■ MATERIAL FOR THIS TASK
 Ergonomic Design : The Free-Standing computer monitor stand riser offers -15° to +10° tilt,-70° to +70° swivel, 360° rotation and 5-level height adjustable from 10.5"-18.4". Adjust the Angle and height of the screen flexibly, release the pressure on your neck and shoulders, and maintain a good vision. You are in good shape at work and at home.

--

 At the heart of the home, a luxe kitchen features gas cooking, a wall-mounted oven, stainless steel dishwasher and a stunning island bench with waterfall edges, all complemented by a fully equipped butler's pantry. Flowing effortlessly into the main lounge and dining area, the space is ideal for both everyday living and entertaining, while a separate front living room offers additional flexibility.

...

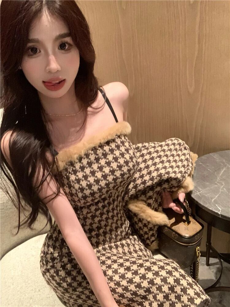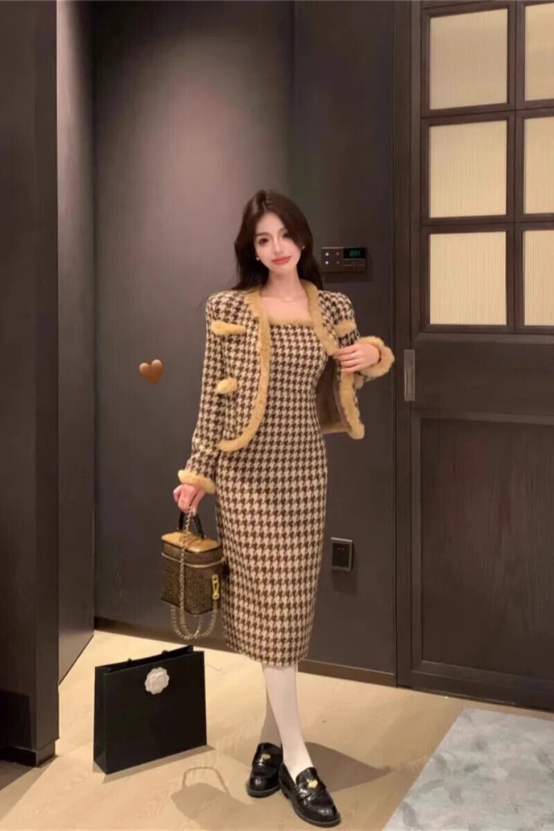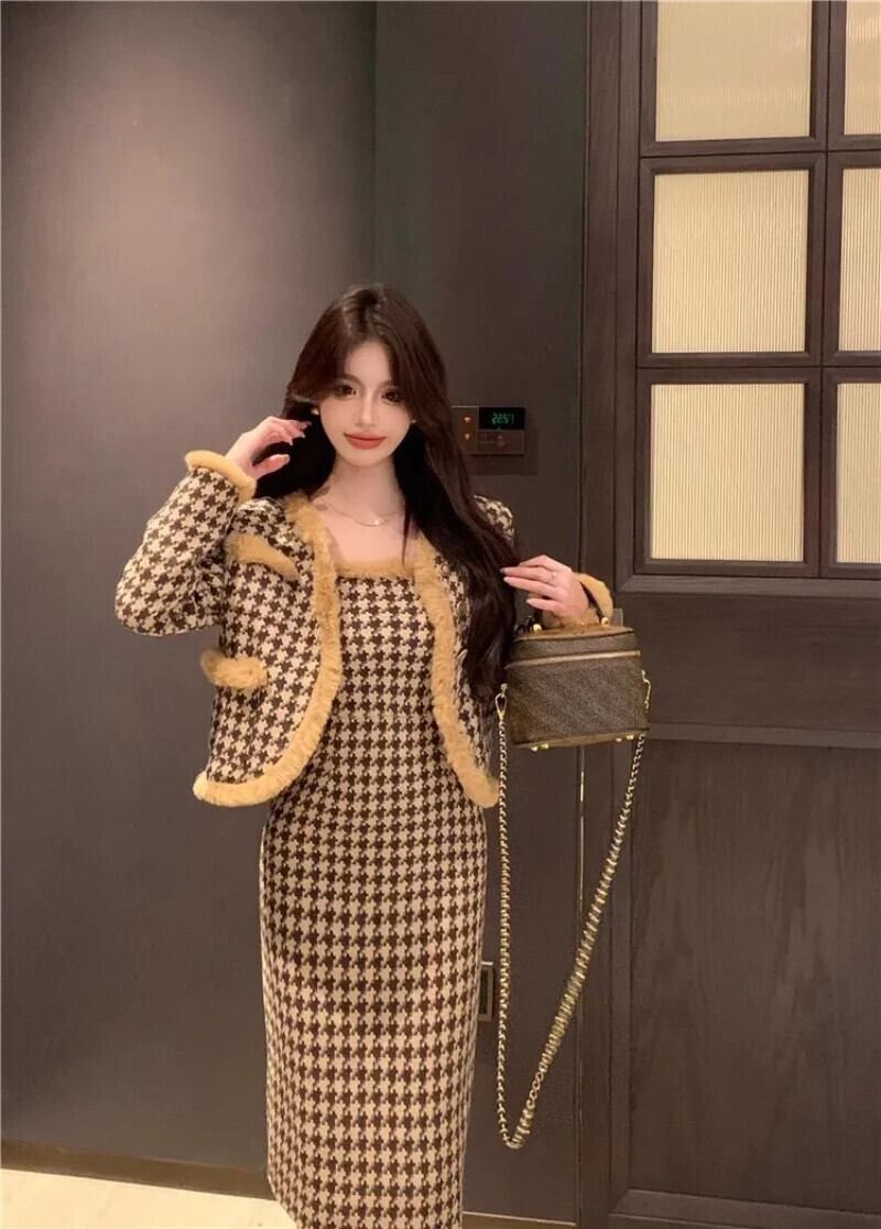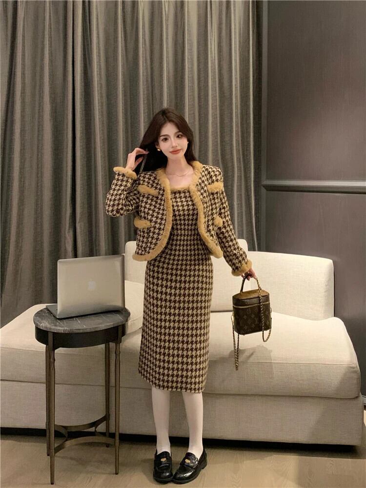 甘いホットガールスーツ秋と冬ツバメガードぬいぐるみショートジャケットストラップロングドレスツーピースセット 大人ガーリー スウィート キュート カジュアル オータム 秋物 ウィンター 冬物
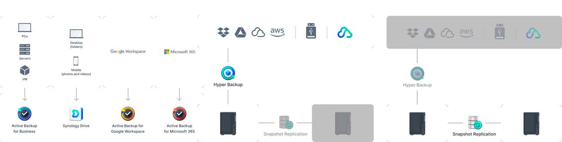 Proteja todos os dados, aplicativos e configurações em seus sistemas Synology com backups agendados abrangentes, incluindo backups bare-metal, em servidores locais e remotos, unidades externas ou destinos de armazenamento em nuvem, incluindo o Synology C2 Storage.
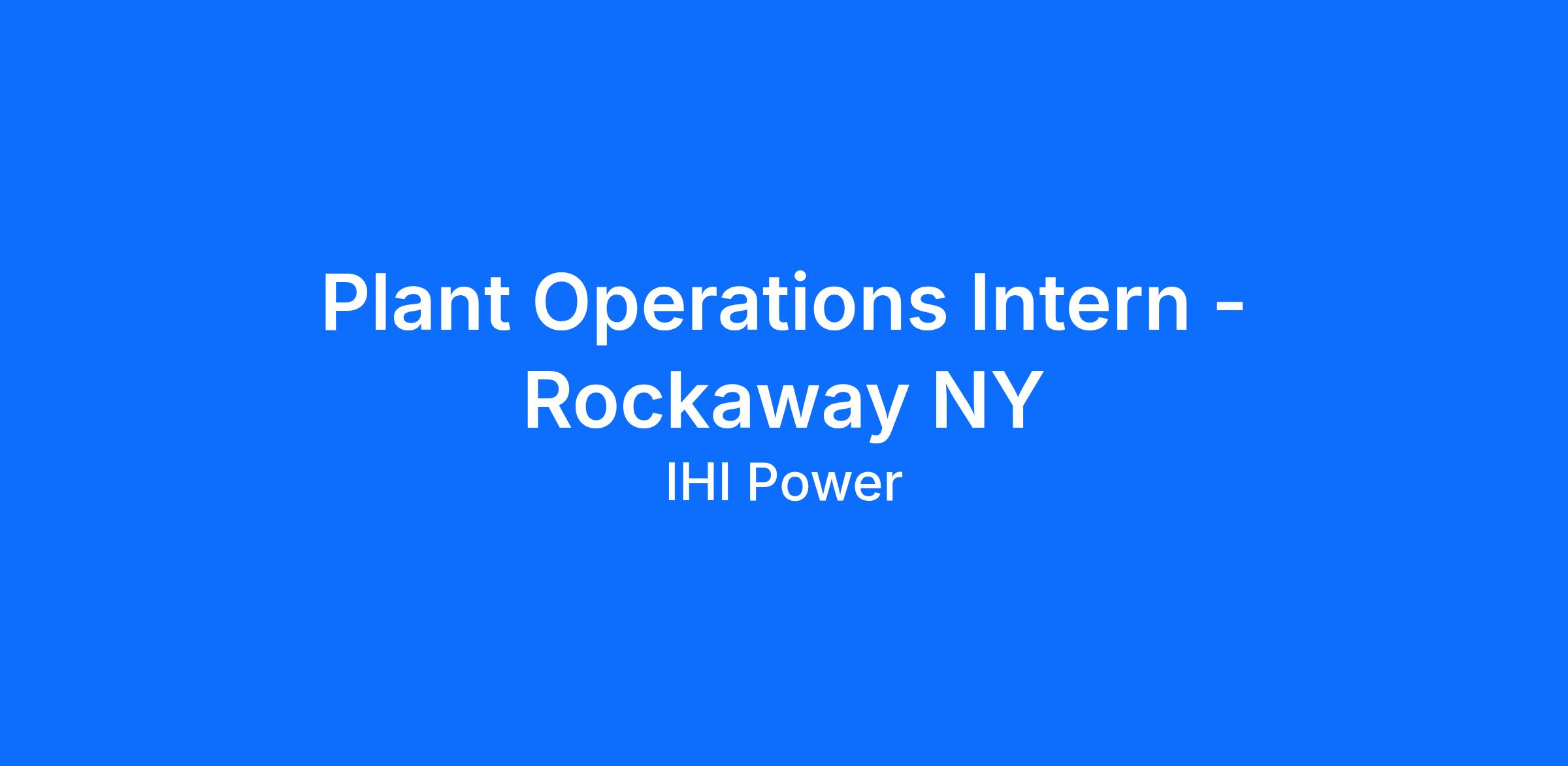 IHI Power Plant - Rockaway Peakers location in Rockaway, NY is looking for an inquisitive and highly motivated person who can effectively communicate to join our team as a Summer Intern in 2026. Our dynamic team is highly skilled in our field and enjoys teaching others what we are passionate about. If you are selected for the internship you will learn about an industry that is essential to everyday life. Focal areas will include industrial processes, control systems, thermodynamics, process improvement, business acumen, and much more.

■ GOAL OF THE EXERCISE
Everything between and including the line above containing "秋物 ウィンター 冬物" and the line containing "Proteja todos os" should be reproduced exactly, with pictures excluded.

■ EXERCISE RESULT
 甘いホットガールスーツ秋と冬ツバメガードぬいぐるみショートジャケットストラップロングドレスツーピースセット 大人ガーリー スウィート キュート カジュアル オータム 秋物 ウィンター 冬物
 Proteja todos os dados, aplicativos e configurações em seus sistemas Synology com backups agendados abrangentes, incluindo backups bare-metal, em servidores locais e remotos, unidades externas ou destinos de armazenamento em nuvem, incluindo o Synology C2 Storage.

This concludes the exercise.